* [WHAT IS BEING ASKED]: Could you output the whole listing exactly as it stands, minus any images?

─── DATA ───

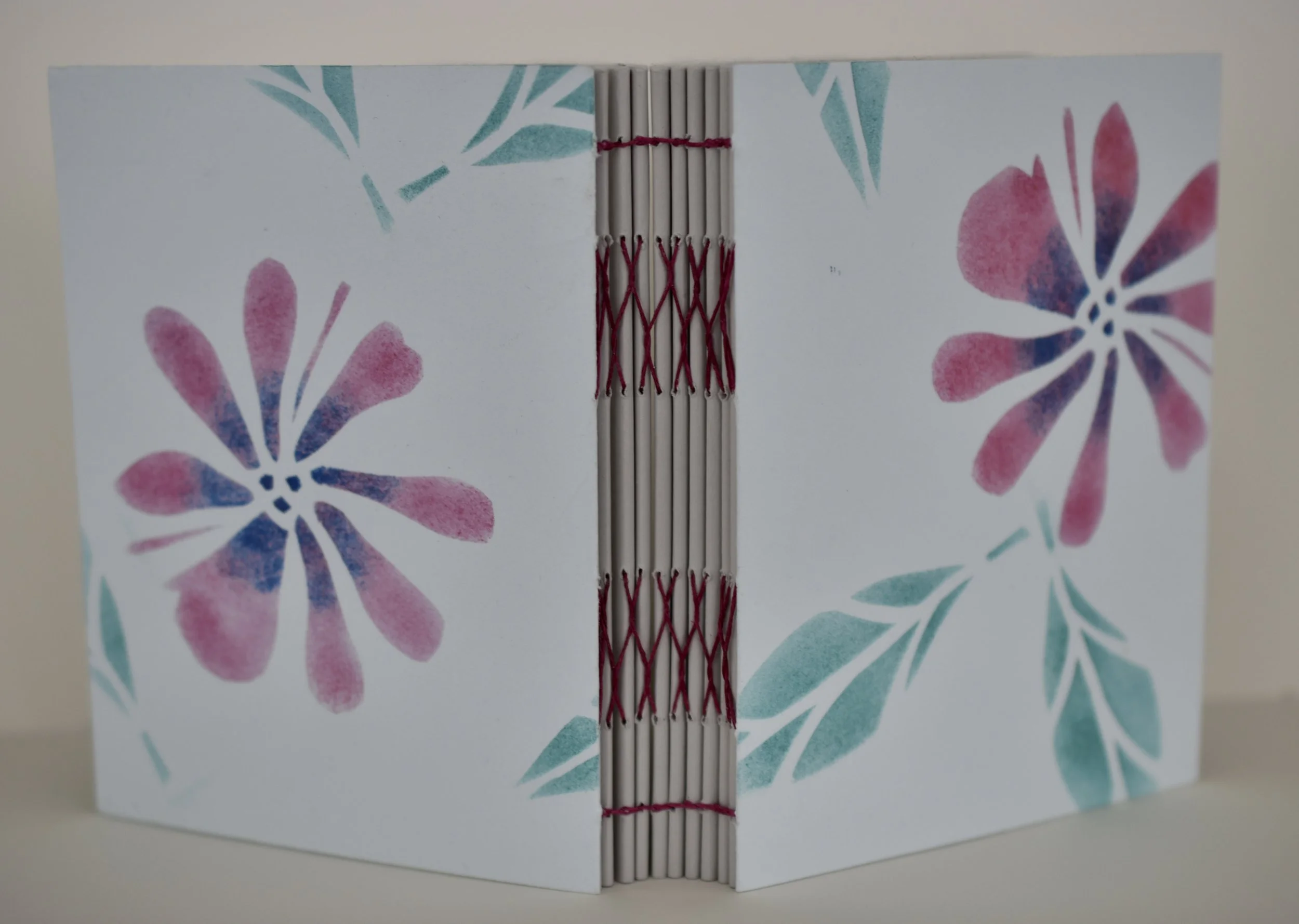 Blank journal using Stonehenge and Neenah Environment papers, waxed linen thread. The covers are adorned with stencil printed botanicals. The book measures 5.5”x4.25”x1.25 closed.
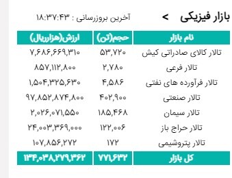 به گزارش خبرگزاری صداوسیما، امروز ۷۷۱ هزار و ۶۳۲ تن انواع کالا و محصول به ارزش ۱۳ هزار و ۴۰۳ میلیارد تومان در بازار فیزیکی بورس کالا دادوستد شد.
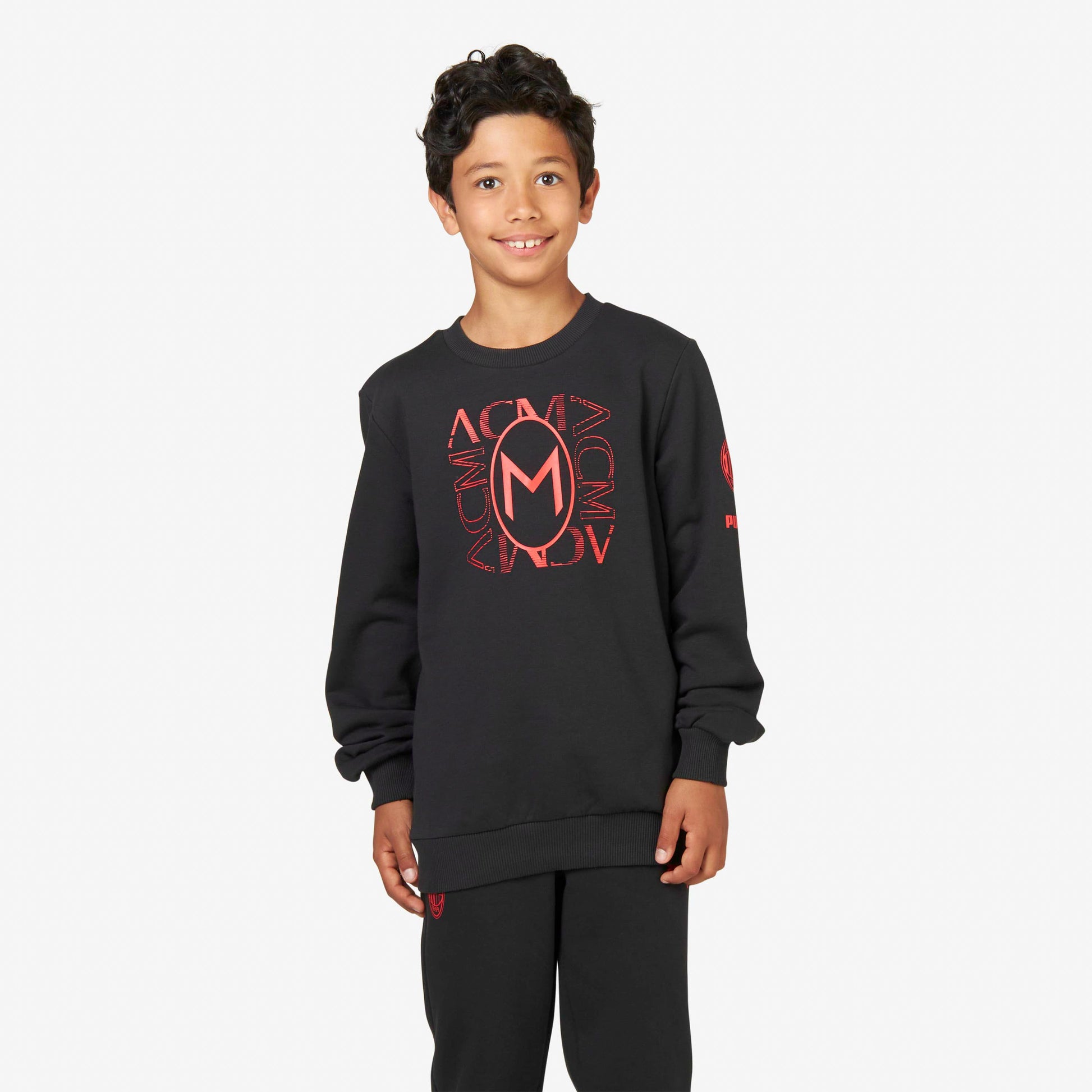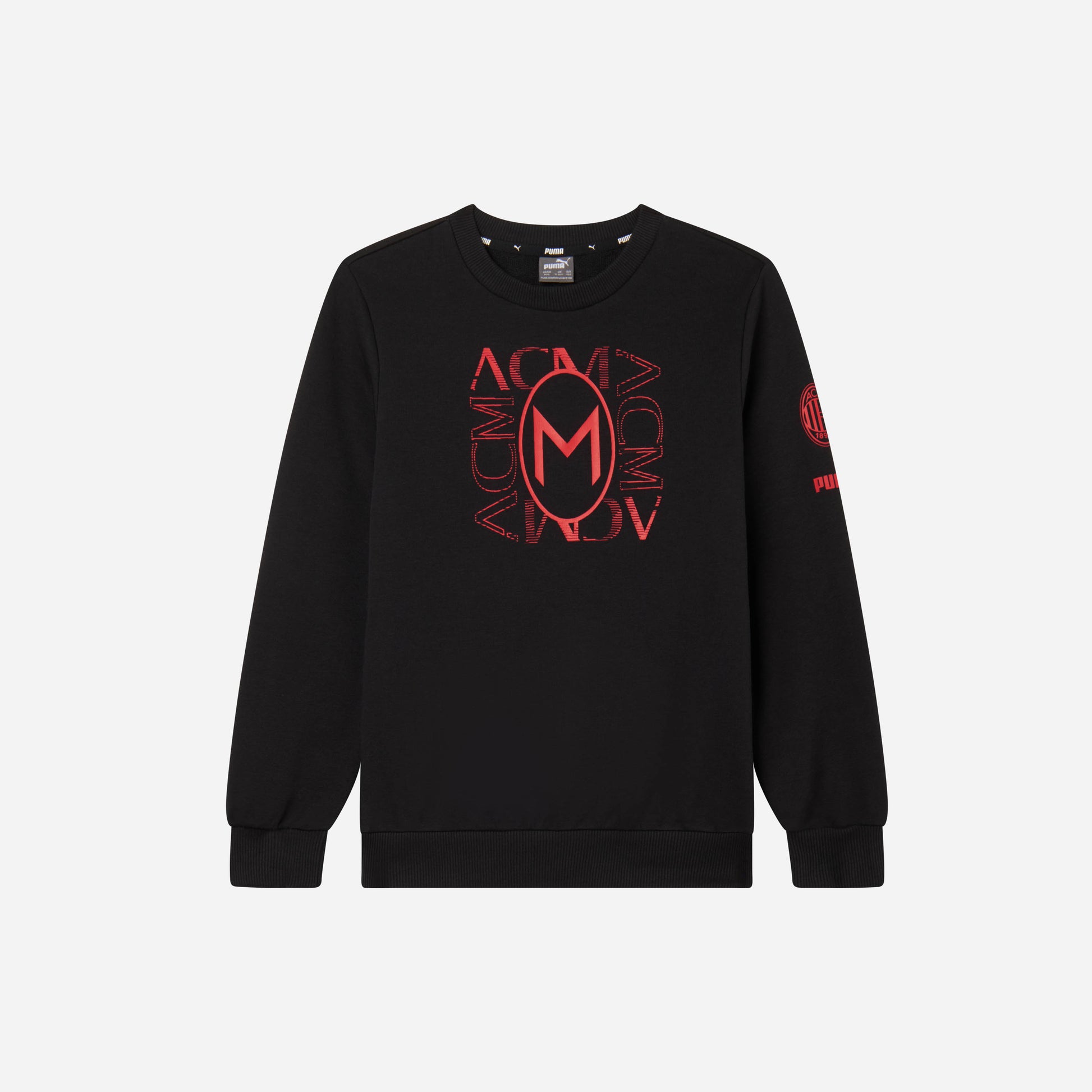 - Felpa con grafica con logo ufficiale AC Milan e logo Puma stampata sulla manica sinistra a contrasto

───

* [THE ANSWER]:
 Blank journal using Stonehenge and Neenah Environment papers, waxed linen thread. The covers are adorned with stencil printed botanicals. The book measures 5.5”x4.25”x1.25 closed.
 به گزارش خبرگزاری صداوسیما، امروز ۷۷۱ هزار و ۶۳۲ تن انواع کالا و محصول به ارزش ۱۳ هزار و ۴۰۳ میلیارد تومان در بازار فیزیکی بورس کالا دادوستد شد.
 - Felpa con grafica con logo ufficiale AC Milan e logo Puma stampata sulla manica sinistra a contrasto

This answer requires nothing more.